Manhattan Kiwanis Club rebooted an initiative to provide comfort dolls to children at Mercy Regional Health Center Monday as part of an international Kiwanis program.
The dolls are made by Kiwanis members out of a soft material to provide a comfort to children in the hospital and give doctors and nurses a way to explain to small children what they are doing.
“We are going to make a bunch of them,” said Keith Rutlin, Kiwanis member in charge of the dolls. “We cut them out, stuff them and sew them up.”
Rutlin said club members made and donated 24 dolls to the hospital Monday and plan to keep the hospital supplied.
Sara Glover, nurse and supervisor for medical and pediatrics unit, said the hospital has had the dolls for as long as she has been there, about five years.
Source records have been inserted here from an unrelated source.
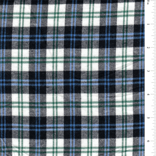 Black, White, Blue, and Green Plaid Flannel Fabric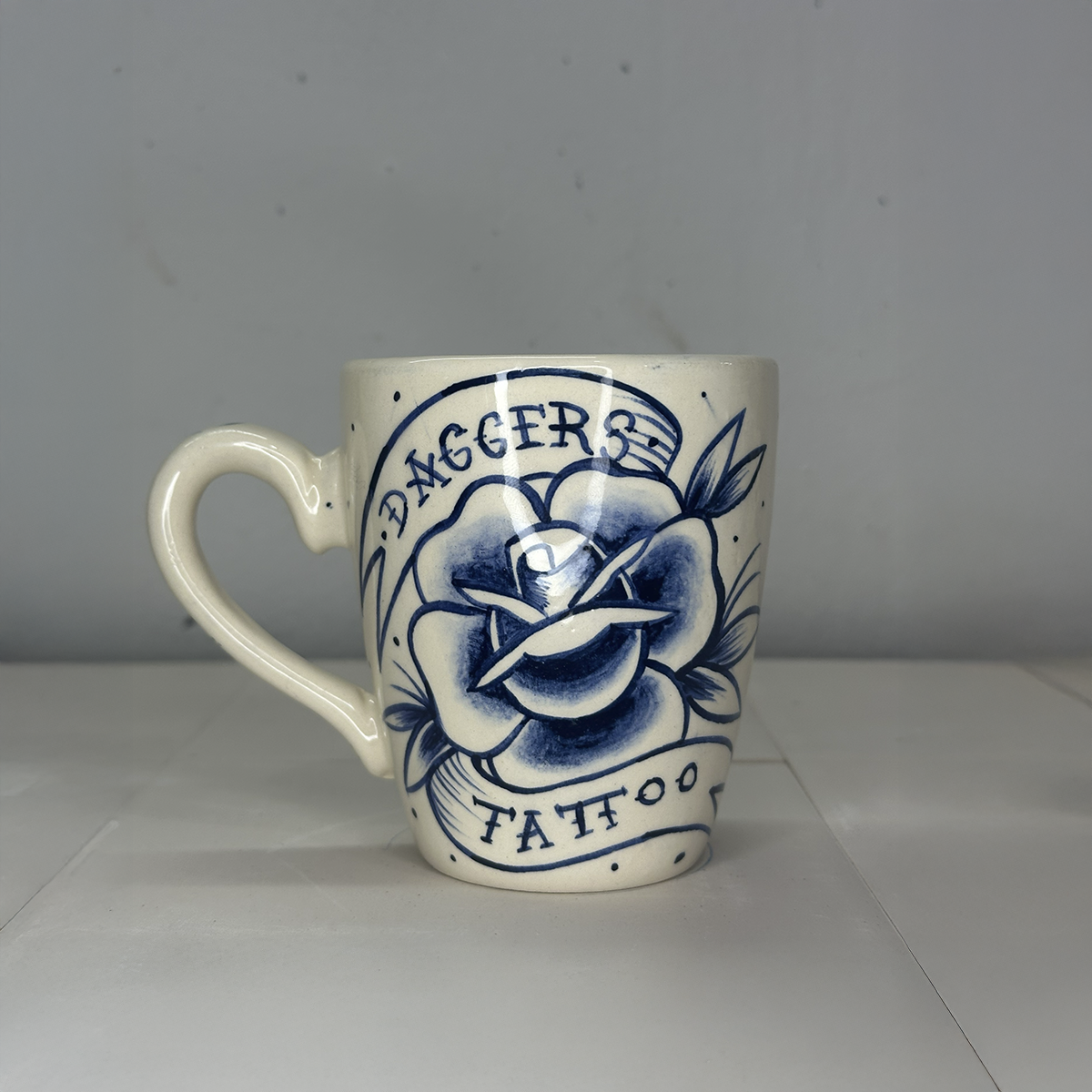 Taza de cerámica artesanal pintada a mano, con ilustración en azul sobre fondo marfil. El diseño presenta una rosa atravesada por una daga, acompañada por banners con la inscripción Daggers Tattoo, un símbolo clásico de fuerza, lealtad y decisión. Inspirada en la iconografía tradicional del tattoo, esta pieza combina belleza y filo en una sola imagen. El trazo manual y las variaciones del pincel aportan profundidad y carácter a la ilustración, mientras que cada taza es única, con leves diferencias propias del proceso artesanal. Cuenta con esmaltado brillante y asa cómoda, ideal para café, té o infusiones. Funcional y decorativa, pensada para quienes llevan la marca en la piel y en el ritual diario.
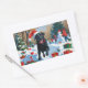 Black Labrador Christmas Festive Snow Scene Rectangular Sticker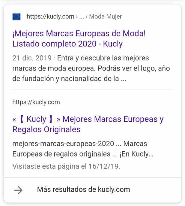- Cajón doble canibalizando urls + en la parte inferior enlace con más resultados de la web con el comando site: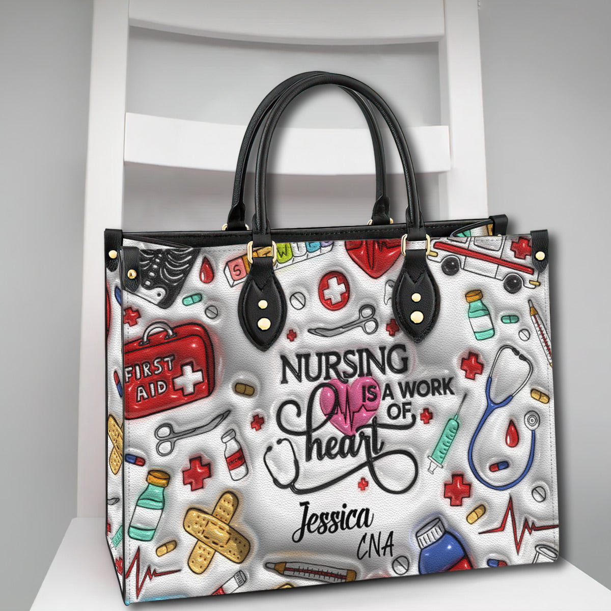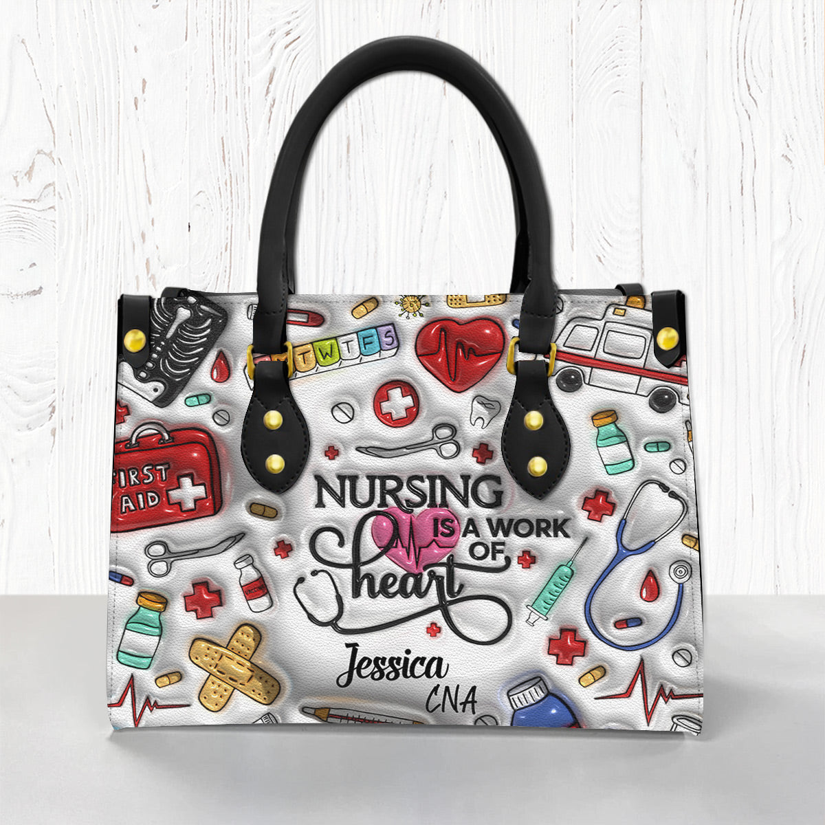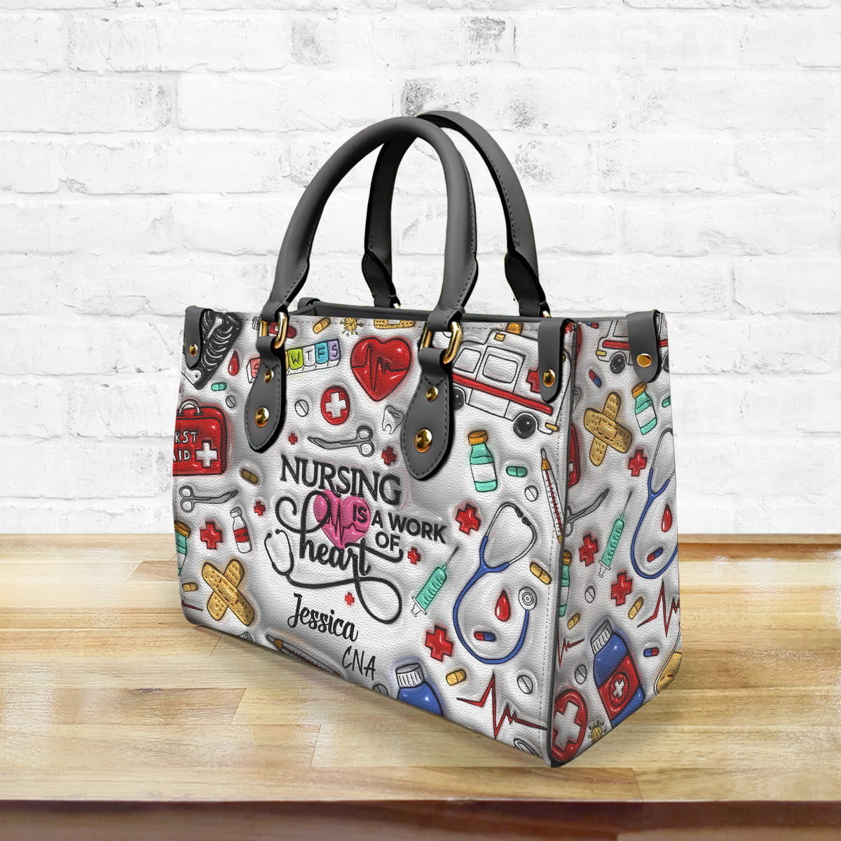 Nursing Is Work Of Heart Personalized Leather Handbag Purse is an awesome handbag designed for nurse. Besides, this unique nurse handbag can customize any names and job that you love.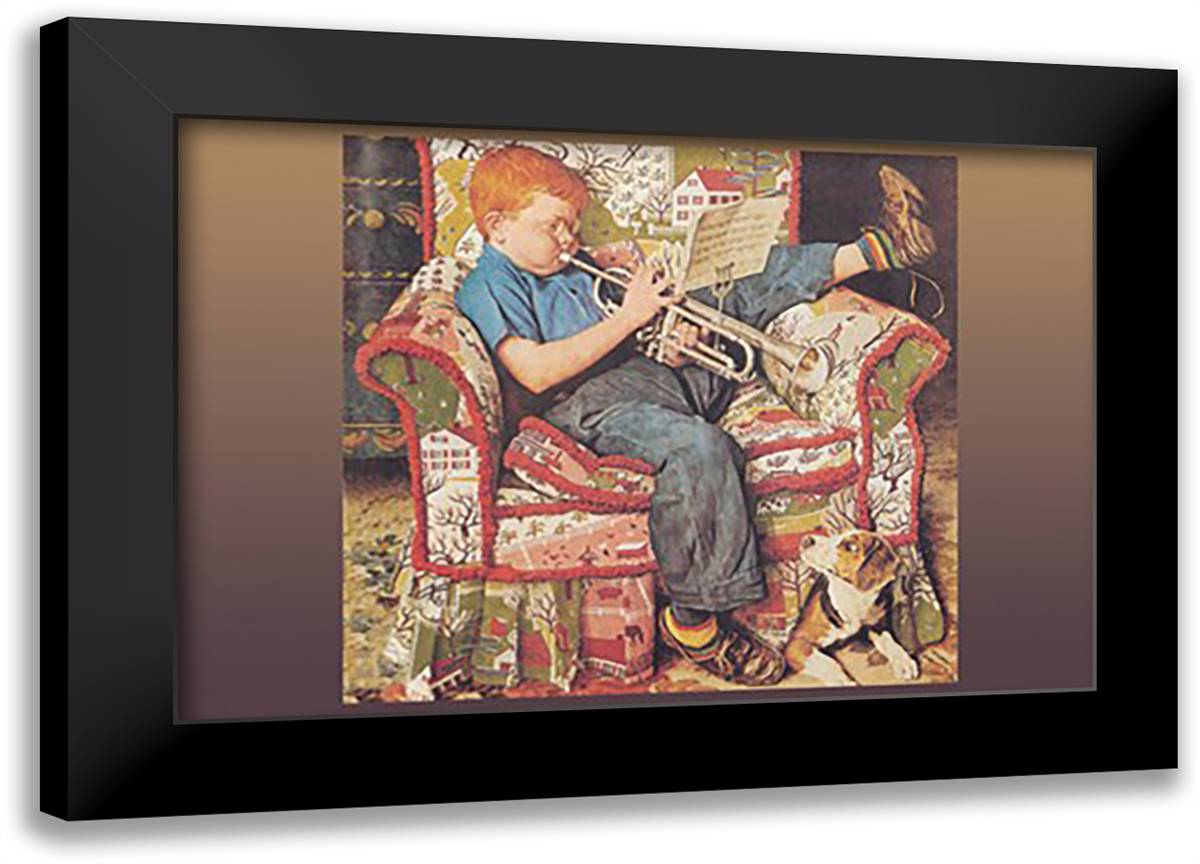 Trumpet Practice 22x16 Black Modern Wood Framed Art Print Poster by Rockwell, Norman
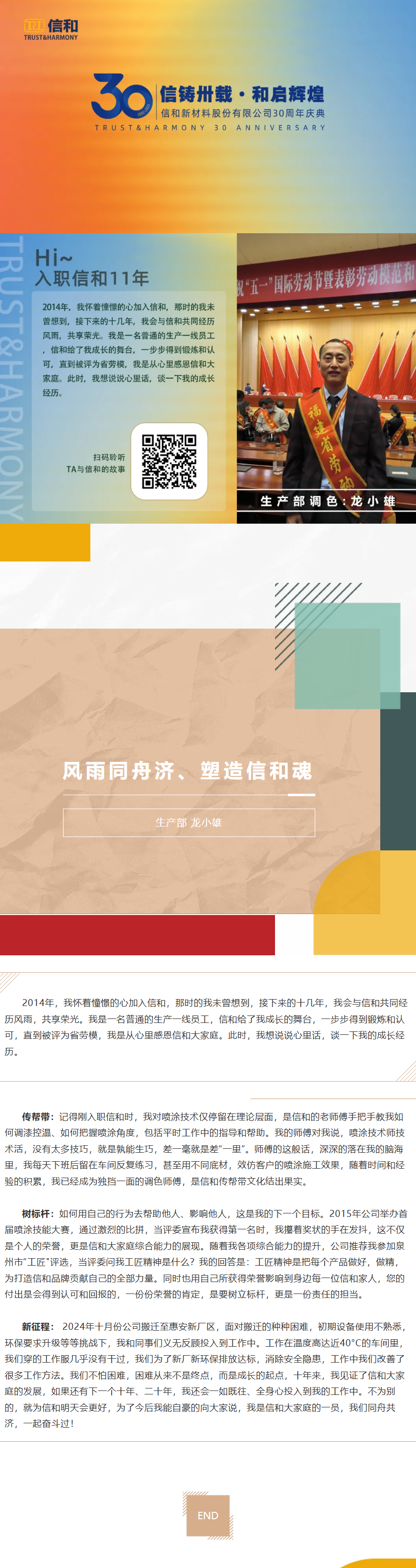 【三十载同行•我与信和的成长】风雨同舟济、塑造信和魂——生产部 龙小雄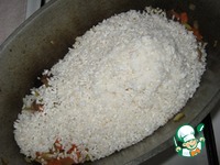 Всыпать тщательно промытый рис, присолить. |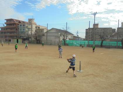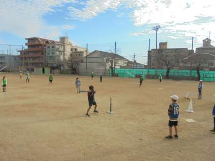 止まっているボールを打つのもなかなか難しいようです。打つ方は打って走って、守る方は声をかけあってボールを拾って投げて活動しています。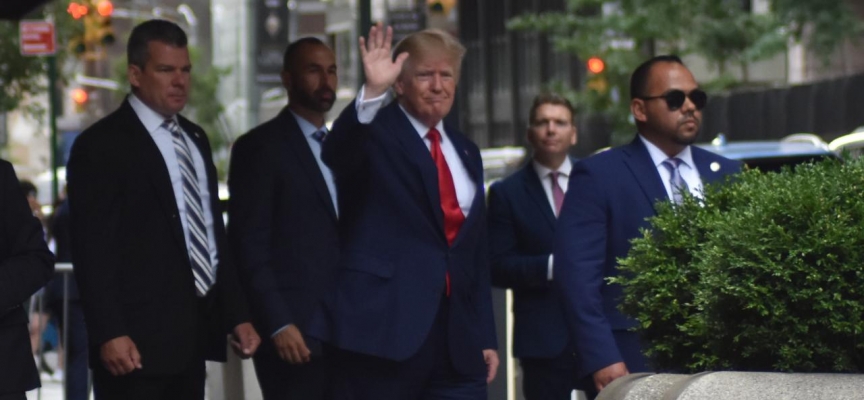 Sahibi olduğu Trump Tower'dan çıkarken kendisini bekleyen gazetecilere el sallayan eski Başkan, beraberindeki gizli servis ve kendi özel korumalarından oluşan geniş güvenlik ekibi ile Başsavcılığa hareket etti.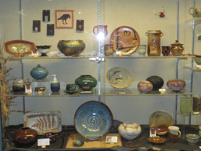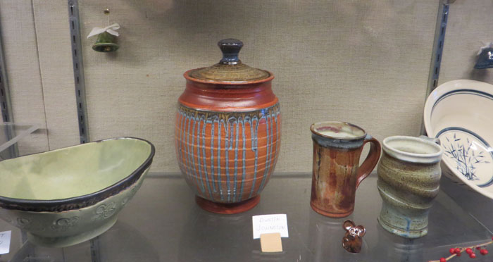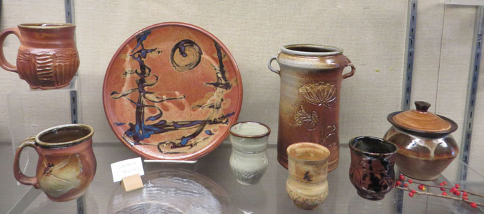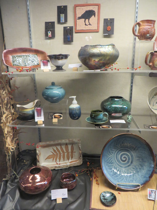 We have a display at the Peterborough Library every year and this year’s display is gorgeous. It is the work of the participants of our Christmas Sale and is a sneak peek of what some of the potters/artists will be selling this year. A big thank you to Liz Sine, George Stewart and Lillian Forester, who organized the display, as it looks great!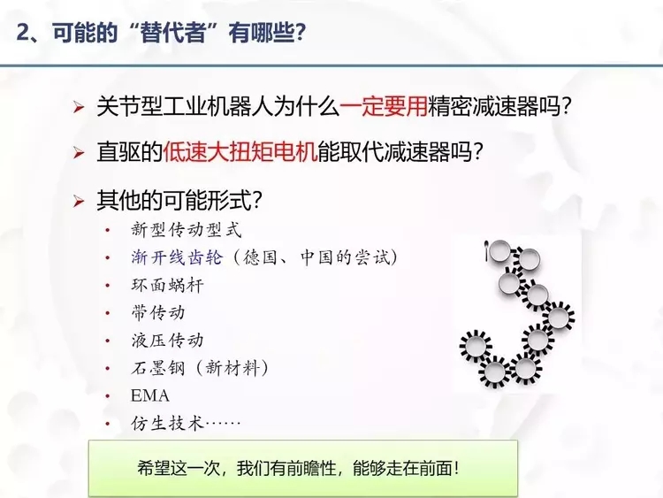 工業機器人就一定要有減速器嗎?這個問題我們在國內爭論了好久,到底為什么一定要用?現在的結論是,工業機器人減速器其實是不可替代的,在目前階段。所以現在很多人在探討這個問題。
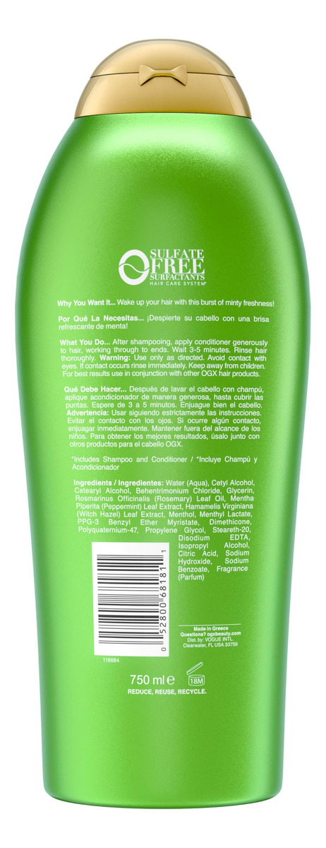 Condicionador OGX Extra Strength Refreshing Scalp + Rosemary Mint, condicionador nutritivo com infusão de menta alecrim para cabelos brilhantes e saudáveis, surfactantes sem sulfato, 25,4 fl. Oz – REFRESQUE E NUTRA: este frasco de 25,4 onças fluidas do condicionador de cabelo OGX Extra Strength Refreshing Scalp + Rosemary Mint com hamamélis deixa o cabelo brilhante e saudável – REVIGORANTE ROSA SEMARY & MINT: Da marca #1 de reparação capilar, * este condicionador de cabelo extra forte é infundido com alecrim e hortelã para ajudar a refrescar seus cabelos oleosos e revigorar seus sentidos com um creme de menta formigle – WITCH HAZEL: Este condicionador é formulado com hamamélis, um adstringente suave conhecido por ajudar a remover resíduos e acúmulos sem descascar o cabelo enquanto nutre o couro cabeludo. A fórmula leve condiciona e dá ao cabelo uma explosão de frescor – NUTRA SEU COURO CABELUDO: após a lavagem, aplique o condicionador generosamente no cabelo, espere de 3 a 5 minutos e enxágue para deixar as mechas brilhantes e macias. O condicionador diário é formulado sem surfactantes e corantes sulfatados – ROTINA DE CUIDADOS COM O CABELO OLEOSO: os aromas de menta e alecrim deixam o cabelo revigorado e com um cheiro refrescante e limpo. Para obter melhores resultados, use este condicionador de cabelo oleoso com toda a coleção de cuidados capilares OGX Extra Strength Refreshing Scalp + Rosemary Mint

She said the hospital was down to only a couple of dolls before Rutlin brought more on Monday.
She said it is at each nurse’s discretion whether to give a child one of the dolls. She said that most of the children they see are in and out of the hospital pretty quickly, so those patients have less need for the dolls.
Most nurses give them to “maybe kids who are chronically ill or going to be in for a couple of days, the more anxious kids,” Glover said. Usually it’s the younger patients who get them, she said.
The dolls come without clothing and have no facial features. Children get water-soluble markers to draw on the dolls. Rutlin said the kids can draw a face reflecting how they feel, use the doll to show the doctor or nurse where it hurts, even draw the injury on the doll. Then members of the medical team can use the doll to demonstrate the procedure they will be doing, like suturing a cut or starting an IV. He said the dolls are also great for curbing boredom for small children who cannot run and play while in the hospital. The dolls help children keep their hands busy and keep their minds off what is going on around them. When the children are released, the dolls go home with them.
Glover said on average, nurses give out about two dolls a month.